Her photos look very modern. They have a radical cut, Moholy did not hesitate to leave out a piece of the head to emphasize the closeness and something characteristic of the portrait face. She also experimented with shallow depth of field, for example focusing on the subject’s hair rather than their eyes, or highlighting a lady’s intricate hairdo and leaving her profile face in shadow only as a silhouette.

In addition, Lucia Moholy established herself in England as a theoretician of photography. Just before the outbreak of the Second World War, the Penguin publishing house publishes her book One Hundred Years of Photography 1839 – 1939, which she was already preparing in Berlin, in a Pelican Special paperback edition. The forty thousand edition is sold out in two years.

During the war, her technical talent, which she had already shown when photographing architecture, also showed itself. She becomes a microfilm specialist – first in the service of wartime British intelligence, then UNESCO, after its establishment in 1945, the author travels to the Near or Middle East and documents the cultural heritage there.

For the World Health Organization, he has the task of establishing an international medical library in his native Prague. However, it is already 1949 and Czechoslovakia is ruled by a communist tyranny. Lucia Moholy is expelled from the country.

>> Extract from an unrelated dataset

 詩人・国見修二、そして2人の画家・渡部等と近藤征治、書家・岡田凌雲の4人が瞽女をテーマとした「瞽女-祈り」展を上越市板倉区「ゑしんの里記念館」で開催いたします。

The exhibition of Lucie Mohola's works in Prague's Kunsthalle occupies two floors.

The exhibition of Lucie Mohola’s works in Prague’s Kunsthalle occupies two floors. | Photo: Vojtěch Veškrna

The last station

Lucia Moholy eventually begins lecturing on photography in English schools. When he once needed a visual accompaniment to a lecture on the Bauhaus, he turned to Walter Grupius, then living in the United States of America. She believes that most of her negatives were destroyed during the Allied bombing of Berlin. However, he hopes that the architect, who emigrated in time, managed to save at least something.

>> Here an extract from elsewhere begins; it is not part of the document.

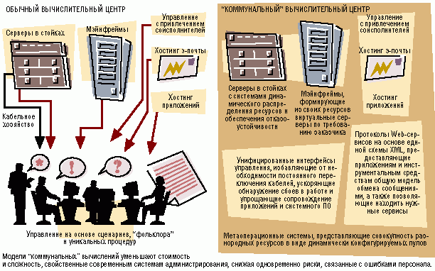 У фирмы Sun Microsystems другой подход к снижению стоимости администрирования серверных ферм. Ее концепция "коммунальных" вычислений под названием N1 предполагает создание того, что директор по разработке этой технологии Йел Ченг назвал "метаоперационной системой, способной управлять системными ресурсами и делать это автоматически, по требованию и в распределенной среде".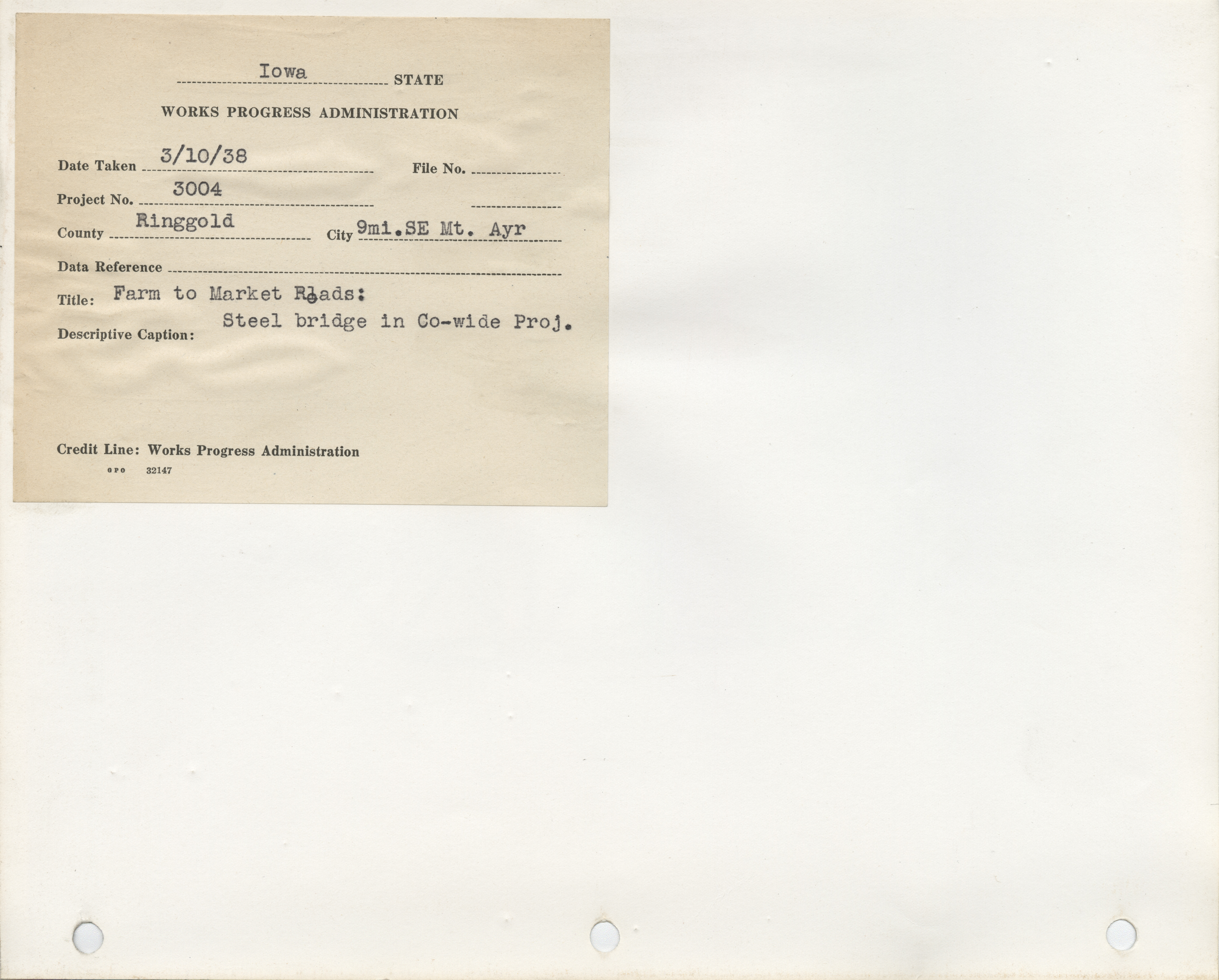 - "Photograph of a steel bridge on a farm to market road in Ringgold County", Work Projects Administration (Iowa) Photographs, Iowa State University Library Digital Collections

Grupius excuses himself, saying he has the last few original photos and won’t let them go. He denies to Lucia Moholy that, in fact, he took away almost all of her archive and still has it.

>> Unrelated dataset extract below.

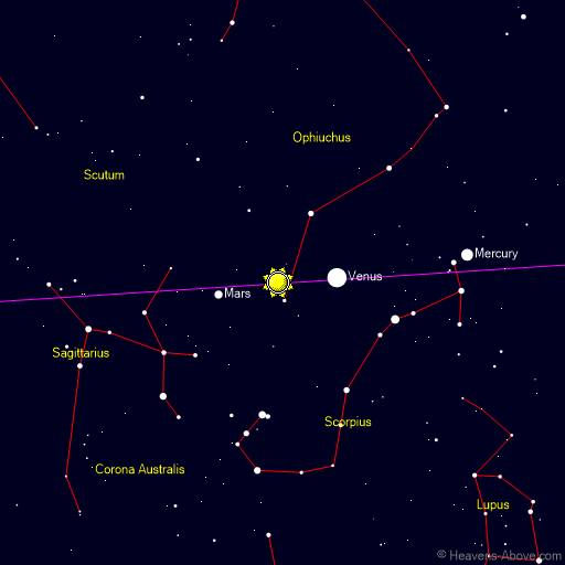 | Astronomical twilight begins: | 05:48 | -18.0° | 105° | | Nautical twilight begins: | 06:28 | -12.0° | 112° | | Civil twilight begins: | 07:09 | -6.0° | 119° | | Sunrise: | 07:47 | -0.8° | 127° | | Maximum altitude: | 11:51 | 16.8° | 180° | | Sunset: | 15:55 | -0.8° | 233° | | Civil twilight ends: | 16:33 | -6.0° | 241° | | Nautical twilight ends: | 17:15 | -12.0° | 248° | | Astronomical twilight ends: | 17:54 | -18.0° | 255° | | Minimum altitude: | 23:51 | -63.2° | 360° |

Lucia Moholy came up with this when she got her hands on the catalog of the Bauhaus exhibition organized by the New York Museum of Modern Art in 1938 and on which Grupius collaborated. The catalog contained many of her photographs. However, the architect did not consider it necessary to inform the author about this, and did not even mention her by name. The photographer did not get her negatives back from Grupius until 1957, but she got barely half of them.

The last country Lucia Moholy chose was Switzerland, where she spent the last thirty years of her long life. She made a living as a columnist and writer, for the first time in her life she received recognition from the artistic community. Curators began to include her in comprehensive retrospectives. The first independent exhibition of Lucia Moholy was organized in 1981 by the Renée Ziegler Gallery in Zurich. She was 87 years old.

Photographer Giorgio Hoch helped with the exhibition, the look of which is now also replicated in Prague’s Kunsthalle. He helped create new positives from the original negatives, especially from the 20s and 30s. On that occasion, a series of portraits of Lucie Mohola was also created, Hoch captured her in the gallery next to her works and also at her home.

A self-confident, likeable woman, who has an unexpectedly sharp and youthful look, calmly looks down from the photographs. Her voice from the recording of the interview also testifies that Lucia Moholy was admirably vital in her old age, ready to discuss the role and possibilities of photography in society.

The current exhibition in Prague is extraordinarily complex. Lucia Moholy is presented as an excellent experimenter and technically proficient photographer, and at the same time as an underappreciated theoretician who still has a lot to say on the subject. On this occasion, not only a comprehensive catalog was published, but also the first Czech edition of her book One Hundred Years of Photography 1839 – 1939.